No choice preserves all intuitions about ${T_{{\rm{classical}}}}$ and CT. Demanding a lower (higher) moving temperature leads to non-classical behavior. Landsberg (Reference Landsberg, Edward, Gal-Or and Alan1970, 260–262) considers two thermally interacting bodies A and B moving relative to one another. A (in its rest frame) sees the other as cooler (warmer) and hence heat flows from (to) B. But the same analysis occurs in B’s rest frame to opposite effect! So heat flow becomes frame-dependent and indeterminate, contrary to our classical intuitions.

However, demanding temperature invariance entails that the classical laws of thermodynamics are no longer form-invariant in all inertial frames. Notably, we must revise their form by including some variations of functions f, $\gamma $ , and $\theta $ (Landsberg Reference Landsberg, Edward, Gal-Or and Alan1970, 264). We preserve some intuitions about heat flow but give up the cherished form of classical thermodynamical laws. Interestingly, it’s this classical form that Bekenstein (Reference Bekenstein1973) appealed to when making the formal analogies between thermodynamics and black holes.

I end with two possible interpretations of my analysis: an eliminativist viewpoint, and a pluralist viewpoint (Taylor and Vickers Reference Taylor and Vickers2017). On the former, one might interpret temperature akin to simultaneity: both concepts are well-defined within some rest frame, but there’s no absolute fact of the matter as to how they apply beyond for relatively moving observers. If one believes that the only physically significant quantities are those which are frame-invariant or co-variant (recall fn. 2), temperature’s frame-dependence might lead one to abandon talk of temperature as physically significant, just as we have for simultaneity (Janis Reference Janis and Edward2018).

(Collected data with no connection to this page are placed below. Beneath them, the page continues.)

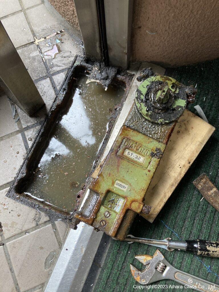 先日近所にあるマンションのエントランスのガラスが割れてしまったとの事で現調して来たのですが、原因がフロアヒンジの油圧が壊れてしまった事で、扉の開閉スピードが速くなってしまい「バァーーン」と閉まった勢いでガラスが割れてしまった様です。
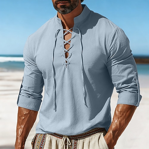 Per uomo Camicia Stile vichingo Camicia Estiva Abbigliamento da spiaggia Camicia pirata Tinta unica Casuale Vacanza Bianco Blu marino Azzurro cielo Verde Manica Lunga Collo alla coreana Estate
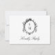 Diese Vintage Wappen Monogram Botanical Formal Wedding RSVP-Karte in Schwarz-Weiß verfügt über ein ovales Monogramm Wappen, das mit botanischen Blattweinen und eleganter Schriftzeichen-Kalligraphie bestickt ist.

On the latter, one might instead interpret temperature akin to relativistic rotation. Analogously, Malament (Reference Malament2000) identifies two equally plausible criteria for defining rotation which agree in classical settings, yet disagree in general-relativistic settings. Importantly, both violate some classical intuitions. Nevertheless:

There is no suggestion here that [this] poses a deep interpretive problem … The point is just that … we may have to disambiguate different criteria of rotation, and … that they all leave our classical intuitions far behind. (Malament Reference Malament2000, 28)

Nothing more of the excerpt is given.